GOAL OF THE EXERCISE:
What should be copied is the stretch of entries below from the line with "Cristina Fernández de" up to and including the line with "相続した土地を手放さず有効活用したい ▶ 諸問題を不動産会社が解決", exactly and without images.

EXERCISE DATA Block Start

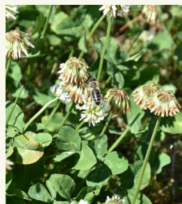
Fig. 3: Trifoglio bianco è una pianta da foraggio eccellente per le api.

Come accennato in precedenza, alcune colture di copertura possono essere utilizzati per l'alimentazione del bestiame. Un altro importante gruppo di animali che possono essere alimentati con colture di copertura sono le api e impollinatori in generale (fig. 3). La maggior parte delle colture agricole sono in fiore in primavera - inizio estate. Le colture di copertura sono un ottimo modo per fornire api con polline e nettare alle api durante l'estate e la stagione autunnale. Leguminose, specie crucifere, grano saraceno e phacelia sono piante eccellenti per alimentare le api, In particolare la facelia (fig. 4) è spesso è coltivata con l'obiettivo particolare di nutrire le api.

EXERCISE DATA Block End
EXERCISE DATA Block Start

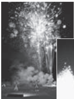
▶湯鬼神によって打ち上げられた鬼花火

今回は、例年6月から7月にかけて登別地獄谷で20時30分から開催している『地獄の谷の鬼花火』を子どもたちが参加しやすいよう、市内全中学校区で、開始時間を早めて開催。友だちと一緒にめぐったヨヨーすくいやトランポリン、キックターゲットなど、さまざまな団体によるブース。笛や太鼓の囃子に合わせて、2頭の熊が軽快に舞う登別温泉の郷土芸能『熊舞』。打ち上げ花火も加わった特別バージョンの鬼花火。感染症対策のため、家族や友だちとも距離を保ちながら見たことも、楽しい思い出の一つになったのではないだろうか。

EXERCISE DATA Block End
EXERCISE DATA Block Start

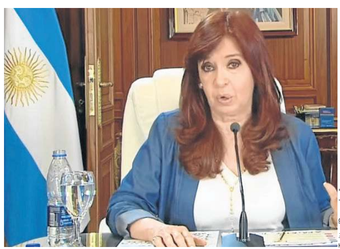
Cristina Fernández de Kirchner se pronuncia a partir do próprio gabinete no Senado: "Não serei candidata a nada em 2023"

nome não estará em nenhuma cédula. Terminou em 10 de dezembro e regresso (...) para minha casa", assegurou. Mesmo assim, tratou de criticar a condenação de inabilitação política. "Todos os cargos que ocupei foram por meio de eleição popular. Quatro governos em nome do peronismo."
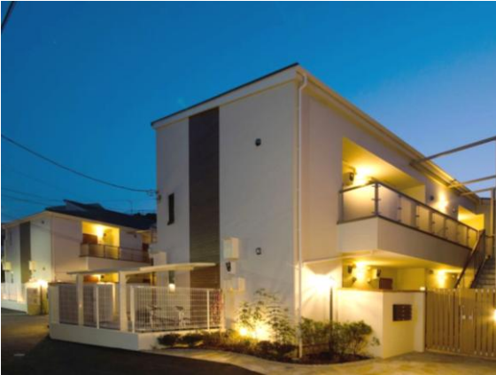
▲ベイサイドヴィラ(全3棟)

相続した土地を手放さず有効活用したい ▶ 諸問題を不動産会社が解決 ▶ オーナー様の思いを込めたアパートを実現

EXERCISE DATA Block End

RESPONSE:
Cristina Fernández de Kirchner se pronuncia a partir do próprio gabinete no Senado: "Não serei candidata a nada em 2023"

nome não estará em nenhuma cédula. Terminou em 10 de dezembro e regresso (...) para minha casa", assegurou. Mesmo assim, tratou de criticar a condenação de inabilitação política. "Todos os cargos que ocupei foram por meio de eleição popular. Quatro governos em nome do peronismo."
▲ベイサイドヴィラ(全3棟)

相続した土地を手放さず有効活用したい ▶ 諸問題を不動産会社が解決 ▶ オーナー様の思いを込めたアパートを実現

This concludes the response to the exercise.